Dataset items:
────
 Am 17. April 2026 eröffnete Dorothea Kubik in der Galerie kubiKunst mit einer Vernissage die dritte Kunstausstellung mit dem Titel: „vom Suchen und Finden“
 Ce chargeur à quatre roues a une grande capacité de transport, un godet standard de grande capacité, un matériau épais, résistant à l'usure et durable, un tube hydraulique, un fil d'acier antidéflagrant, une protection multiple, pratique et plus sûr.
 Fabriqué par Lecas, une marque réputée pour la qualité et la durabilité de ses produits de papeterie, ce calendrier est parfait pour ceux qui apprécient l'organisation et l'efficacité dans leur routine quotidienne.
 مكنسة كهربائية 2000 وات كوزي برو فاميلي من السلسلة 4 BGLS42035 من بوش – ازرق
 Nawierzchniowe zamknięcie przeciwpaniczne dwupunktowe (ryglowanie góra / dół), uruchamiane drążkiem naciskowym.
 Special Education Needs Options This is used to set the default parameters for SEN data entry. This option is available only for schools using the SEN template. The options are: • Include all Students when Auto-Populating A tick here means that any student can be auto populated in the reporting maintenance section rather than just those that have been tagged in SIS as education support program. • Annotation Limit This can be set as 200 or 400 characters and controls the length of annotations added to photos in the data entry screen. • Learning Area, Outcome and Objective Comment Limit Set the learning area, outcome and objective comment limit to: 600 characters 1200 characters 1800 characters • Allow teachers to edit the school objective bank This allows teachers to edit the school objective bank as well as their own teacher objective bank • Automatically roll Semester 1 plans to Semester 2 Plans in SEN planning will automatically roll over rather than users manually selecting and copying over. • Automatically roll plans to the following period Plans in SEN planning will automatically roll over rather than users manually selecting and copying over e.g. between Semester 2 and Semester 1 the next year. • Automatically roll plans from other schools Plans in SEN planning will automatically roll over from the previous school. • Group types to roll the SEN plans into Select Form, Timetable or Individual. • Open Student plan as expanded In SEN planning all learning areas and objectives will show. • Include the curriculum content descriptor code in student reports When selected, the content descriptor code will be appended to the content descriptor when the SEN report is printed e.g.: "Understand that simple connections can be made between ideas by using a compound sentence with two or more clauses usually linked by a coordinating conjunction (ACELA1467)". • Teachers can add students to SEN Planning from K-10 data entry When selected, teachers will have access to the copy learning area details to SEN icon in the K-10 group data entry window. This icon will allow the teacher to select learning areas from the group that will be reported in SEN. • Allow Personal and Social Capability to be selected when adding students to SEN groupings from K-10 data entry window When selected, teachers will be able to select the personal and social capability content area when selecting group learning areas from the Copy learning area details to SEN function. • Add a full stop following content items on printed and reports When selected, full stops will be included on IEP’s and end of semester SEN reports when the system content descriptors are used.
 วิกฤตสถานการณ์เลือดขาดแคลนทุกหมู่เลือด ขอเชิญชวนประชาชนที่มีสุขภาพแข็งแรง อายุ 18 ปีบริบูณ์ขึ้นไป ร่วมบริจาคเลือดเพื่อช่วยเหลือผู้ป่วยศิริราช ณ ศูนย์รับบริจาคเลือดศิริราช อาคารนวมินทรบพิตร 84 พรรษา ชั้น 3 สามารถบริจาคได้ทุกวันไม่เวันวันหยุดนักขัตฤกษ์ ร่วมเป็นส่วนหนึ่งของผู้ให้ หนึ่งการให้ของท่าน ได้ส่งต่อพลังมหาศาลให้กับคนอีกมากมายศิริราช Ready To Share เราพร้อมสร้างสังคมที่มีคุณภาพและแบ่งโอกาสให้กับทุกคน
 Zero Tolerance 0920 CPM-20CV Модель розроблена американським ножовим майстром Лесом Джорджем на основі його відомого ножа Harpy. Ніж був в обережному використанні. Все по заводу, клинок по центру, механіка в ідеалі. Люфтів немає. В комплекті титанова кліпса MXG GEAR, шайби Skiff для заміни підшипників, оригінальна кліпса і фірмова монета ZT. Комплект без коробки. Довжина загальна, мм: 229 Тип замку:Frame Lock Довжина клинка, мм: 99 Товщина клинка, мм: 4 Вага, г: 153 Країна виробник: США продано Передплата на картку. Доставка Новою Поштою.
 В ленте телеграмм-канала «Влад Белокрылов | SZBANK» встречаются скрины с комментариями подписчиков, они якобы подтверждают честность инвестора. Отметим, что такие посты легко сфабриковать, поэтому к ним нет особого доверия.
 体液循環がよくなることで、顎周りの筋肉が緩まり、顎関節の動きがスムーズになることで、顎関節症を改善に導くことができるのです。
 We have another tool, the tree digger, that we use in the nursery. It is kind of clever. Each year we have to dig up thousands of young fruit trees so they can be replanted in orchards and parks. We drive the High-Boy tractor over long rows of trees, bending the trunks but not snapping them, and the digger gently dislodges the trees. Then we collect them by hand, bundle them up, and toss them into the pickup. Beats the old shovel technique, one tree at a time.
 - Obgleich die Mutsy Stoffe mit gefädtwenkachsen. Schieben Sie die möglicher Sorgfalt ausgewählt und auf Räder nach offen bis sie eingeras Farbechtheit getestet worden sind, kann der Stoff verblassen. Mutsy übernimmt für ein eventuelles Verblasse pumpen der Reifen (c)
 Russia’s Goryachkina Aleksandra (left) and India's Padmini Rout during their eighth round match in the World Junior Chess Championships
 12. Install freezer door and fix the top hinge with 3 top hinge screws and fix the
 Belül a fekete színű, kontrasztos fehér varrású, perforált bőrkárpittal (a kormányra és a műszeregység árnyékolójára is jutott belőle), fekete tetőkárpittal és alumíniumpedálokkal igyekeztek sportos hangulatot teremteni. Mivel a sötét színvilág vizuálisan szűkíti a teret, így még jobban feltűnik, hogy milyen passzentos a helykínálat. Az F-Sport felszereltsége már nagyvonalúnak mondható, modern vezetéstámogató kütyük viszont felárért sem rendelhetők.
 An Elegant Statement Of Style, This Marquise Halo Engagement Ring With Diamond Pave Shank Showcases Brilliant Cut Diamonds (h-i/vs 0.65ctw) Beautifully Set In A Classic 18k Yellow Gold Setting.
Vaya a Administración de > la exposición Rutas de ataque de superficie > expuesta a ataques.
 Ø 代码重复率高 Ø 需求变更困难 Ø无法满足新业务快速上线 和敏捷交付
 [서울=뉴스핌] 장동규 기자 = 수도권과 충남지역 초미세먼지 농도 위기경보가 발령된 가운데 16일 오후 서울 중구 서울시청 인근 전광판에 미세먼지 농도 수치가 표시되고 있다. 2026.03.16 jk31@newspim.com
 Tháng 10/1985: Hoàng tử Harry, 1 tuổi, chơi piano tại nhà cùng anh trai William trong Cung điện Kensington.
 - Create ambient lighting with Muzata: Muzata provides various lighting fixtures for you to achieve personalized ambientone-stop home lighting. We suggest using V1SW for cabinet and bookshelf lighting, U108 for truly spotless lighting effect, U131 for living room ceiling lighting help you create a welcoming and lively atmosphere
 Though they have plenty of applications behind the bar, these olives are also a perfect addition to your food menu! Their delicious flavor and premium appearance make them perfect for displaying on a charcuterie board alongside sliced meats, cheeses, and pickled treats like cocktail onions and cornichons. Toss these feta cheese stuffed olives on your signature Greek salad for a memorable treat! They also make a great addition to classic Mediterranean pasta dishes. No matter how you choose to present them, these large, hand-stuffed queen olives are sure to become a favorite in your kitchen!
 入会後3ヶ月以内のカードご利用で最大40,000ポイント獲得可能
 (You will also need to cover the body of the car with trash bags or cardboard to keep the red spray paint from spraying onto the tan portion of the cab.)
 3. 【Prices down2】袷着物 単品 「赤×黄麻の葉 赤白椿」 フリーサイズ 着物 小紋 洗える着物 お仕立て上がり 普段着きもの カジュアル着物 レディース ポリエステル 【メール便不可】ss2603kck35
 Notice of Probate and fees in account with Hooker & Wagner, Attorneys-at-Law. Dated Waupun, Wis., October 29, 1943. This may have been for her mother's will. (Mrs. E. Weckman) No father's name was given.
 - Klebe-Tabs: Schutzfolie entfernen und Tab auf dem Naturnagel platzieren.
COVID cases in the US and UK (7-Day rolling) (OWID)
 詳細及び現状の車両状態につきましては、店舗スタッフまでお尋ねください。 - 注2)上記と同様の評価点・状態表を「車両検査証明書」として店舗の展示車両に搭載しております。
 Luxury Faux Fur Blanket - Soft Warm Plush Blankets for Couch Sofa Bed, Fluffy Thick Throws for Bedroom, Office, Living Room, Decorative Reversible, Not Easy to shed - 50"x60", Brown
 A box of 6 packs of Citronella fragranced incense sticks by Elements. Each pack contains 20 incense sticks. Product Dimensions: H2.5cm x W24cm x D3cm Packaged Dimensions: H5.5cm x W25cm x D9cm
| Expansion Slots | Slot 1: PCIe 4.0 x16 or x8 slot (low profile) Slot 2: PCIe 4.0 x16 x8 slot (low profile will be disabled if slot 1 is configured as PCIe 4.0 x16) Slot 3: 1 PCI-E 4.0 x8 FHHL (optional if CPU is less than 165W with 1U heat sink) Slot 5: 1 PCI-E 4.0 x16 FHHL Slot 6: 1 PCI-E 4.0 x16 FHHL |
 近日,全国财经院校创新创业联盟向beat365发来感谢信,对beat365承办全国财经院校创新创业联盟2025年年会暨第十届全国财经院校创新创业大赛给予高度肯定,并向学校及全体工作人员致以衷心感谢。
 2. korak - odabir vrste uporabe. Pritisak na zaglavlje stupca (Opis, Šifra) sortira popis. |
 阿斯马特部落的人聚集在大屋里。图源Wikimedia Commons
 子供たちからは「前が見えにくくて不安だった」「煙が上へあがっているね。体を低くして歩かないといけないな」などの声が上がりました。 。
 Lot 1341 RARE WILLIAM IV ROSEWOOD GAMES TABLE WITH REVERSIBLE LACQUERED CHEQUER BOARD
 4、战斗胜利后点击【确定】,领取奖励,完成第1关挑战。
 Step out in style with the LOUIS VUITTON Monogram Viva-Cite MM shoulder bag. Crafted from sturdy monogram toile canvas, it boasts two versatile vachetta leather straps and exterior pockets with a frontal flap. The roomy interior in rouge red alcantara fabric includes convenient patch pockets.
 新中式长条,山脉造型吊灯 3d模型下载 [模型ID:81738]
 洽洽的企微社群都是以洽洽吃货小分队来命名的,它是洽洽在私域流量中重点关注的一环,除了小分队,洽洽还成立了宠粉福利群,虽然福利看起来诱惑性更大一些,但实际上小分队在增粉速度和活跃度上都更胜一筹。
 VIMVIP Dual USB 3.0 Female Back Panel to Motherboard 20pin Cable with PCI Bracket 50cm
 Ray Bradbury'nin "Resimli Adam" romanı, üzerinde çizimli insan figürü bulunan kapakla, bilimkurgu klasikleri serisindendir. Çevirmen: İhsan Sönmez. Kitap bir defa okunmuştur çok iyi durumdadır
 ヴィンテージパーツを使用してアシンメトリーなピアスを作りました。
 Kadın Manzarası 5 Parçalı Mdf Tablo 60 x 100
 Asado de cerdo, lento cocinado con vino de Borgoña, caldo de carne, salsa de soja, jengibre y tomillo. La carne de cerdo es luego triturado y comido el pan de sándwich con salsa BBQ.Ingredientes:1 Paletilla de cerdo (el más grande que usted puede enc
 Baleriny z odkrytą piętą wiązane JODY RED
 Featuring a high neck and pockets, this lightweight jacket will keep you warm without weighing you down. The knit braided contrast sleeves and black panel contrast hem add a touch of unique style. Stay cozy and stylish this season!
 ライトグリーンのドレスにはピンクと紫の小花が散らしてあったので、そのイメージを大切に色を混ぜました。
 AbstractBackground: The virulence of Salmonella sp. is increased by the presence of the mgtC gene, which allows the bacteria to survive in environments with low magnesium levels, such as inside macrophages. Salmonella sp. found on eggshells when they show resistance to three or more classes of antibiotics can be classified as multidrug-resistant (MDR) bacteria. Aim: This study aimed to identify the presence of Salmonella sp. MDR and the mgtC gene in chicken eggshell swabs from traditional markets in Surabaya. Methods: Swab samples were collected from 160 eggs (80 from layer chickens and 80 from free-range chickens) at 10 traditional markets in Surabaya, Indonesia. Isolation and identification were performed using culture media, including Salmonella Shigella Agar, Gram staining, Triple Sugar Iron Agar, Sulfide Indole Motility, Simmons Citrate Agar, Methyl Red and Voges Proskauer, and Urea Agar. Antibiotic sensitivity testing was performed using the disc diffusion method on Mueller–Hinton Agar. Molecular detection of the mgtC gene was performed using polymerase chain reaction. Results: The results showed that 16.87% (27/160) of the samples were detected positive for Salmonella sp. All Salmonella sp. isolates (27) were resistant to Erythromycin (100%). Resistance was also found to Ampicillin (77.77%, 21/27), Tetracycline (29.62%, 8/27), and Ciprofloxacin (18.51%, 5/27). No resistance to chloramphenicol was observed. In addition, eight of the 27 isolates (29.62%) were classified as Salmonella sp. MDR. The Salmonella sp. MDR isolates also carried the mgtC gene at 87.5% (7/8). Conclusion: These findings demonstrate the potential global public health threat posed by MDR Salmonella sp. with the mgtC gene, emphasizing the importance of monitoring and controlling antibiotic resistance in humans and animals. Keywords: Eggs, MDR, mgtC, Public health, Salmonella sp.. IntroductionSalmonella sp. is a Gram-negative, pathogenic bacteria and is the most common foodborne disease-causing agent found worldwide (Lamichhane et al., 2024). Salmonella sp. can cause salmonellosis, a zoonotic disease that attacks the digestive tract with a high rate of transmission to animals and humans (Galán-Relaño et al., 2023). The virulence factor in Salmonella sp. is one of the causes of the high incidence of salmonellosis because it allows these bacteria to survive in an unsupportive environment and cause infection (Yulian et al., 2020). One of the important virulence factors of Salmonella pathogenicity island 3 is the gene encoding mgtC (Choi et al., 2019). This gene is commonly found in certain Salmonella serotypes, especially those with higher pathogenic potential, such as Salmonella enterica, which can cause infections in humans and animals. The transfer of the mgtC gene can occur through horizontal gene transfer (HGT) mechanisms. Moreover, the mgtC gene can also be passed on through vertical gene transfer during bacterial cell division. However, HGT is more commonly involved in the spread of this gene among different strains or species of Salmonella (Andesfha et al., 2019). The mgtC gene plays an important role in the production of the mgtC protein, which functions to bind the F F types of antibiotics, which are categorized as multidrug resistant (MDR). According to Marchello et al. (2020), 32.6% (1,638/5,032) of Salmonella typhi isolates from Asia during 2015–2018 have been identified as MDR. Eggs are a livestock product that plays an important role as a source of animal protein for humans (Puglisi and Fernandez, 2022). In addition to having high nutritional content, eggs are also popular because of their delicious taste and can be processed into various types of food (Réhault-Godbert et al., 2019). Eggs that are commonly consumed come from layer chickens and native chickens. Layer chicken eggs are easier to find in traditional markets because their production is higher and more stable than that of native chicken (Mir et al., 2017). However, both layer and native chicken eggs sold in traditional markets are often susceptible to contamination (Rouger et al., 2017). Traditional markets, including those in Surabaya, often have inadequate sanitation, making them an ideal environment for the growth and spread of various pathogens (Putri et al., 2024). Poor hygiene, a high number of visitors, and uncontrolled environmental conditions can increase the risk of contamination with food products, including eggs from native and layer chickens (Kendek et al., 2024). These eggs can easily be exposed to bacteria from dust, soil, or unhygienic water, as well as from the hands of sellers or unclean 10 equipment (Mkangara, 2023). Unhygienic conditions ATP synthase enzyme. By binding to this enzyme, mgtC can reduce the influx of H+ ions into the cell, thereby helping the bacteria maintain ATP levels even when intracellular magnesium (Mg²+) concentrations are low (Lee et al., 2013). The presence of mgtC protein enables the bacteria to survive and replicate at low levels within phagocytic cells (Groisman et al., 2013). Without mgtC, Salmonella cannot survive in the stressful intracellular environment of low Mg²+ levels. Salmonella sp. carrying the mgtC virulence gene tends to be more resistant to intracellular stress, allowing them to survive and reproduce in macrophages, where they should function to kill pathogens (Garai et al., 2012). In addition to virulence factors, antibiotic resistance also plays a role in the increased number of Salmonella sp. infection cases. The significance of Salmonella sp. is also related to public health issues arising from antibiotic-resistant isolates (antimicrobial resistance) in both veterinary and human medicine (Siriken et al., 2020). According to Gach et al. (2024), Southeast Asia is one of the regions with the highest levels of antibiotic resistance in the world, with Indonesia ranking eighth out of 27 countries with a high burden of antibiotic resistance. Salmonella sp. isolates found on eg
────
» **ACTIVITY**:
Repeat exactly the lines above from the one with "3. 【Prices down2】袷着物" up to and including the one with "Luxury Faux Fur". No other line belongs in the reply.

» **TASK ANSWER**:
 3. 【Prices down2】袷着物 単品 「赤×黄麻の葉 赤白椿」 フリーサイズ 着物 小紋 洗える着物 お仕立て上がり 普段着きもの カジュアル着物 レディース ポリエステル 【メール便不可】ss2603kck35
 Notice of Probate and fees in account with Hooker & Wagner, Attorneys-at-Law. Dated Waupun, Wis., October 29, 1943. This may have been for her mother's will. (Mrs. E. Weckman) No father's name was given.
 - Klebe-Tabs: Schutzfolie entfernen und Tab auf dem Naturnagel platzieren.
COVID cases in the US and UK (7-Day rolling) (OWID)
 詳細及び現状の車両状態につきましては、店舗スタッフまでお尋ねください。 - 注2)上記と同様の評価点・状態表を「車両検査証明書」として店舗の展示車両に搭載しております。
 Luxury Faux Fur Blanket - Soft Warm Plush Blankets for Couch Sofa Bed, Fluffy Thick Throws for Bedroom, Office, Living Room, Decorative Reversible, Not Easy to shed - 50"x60", Brown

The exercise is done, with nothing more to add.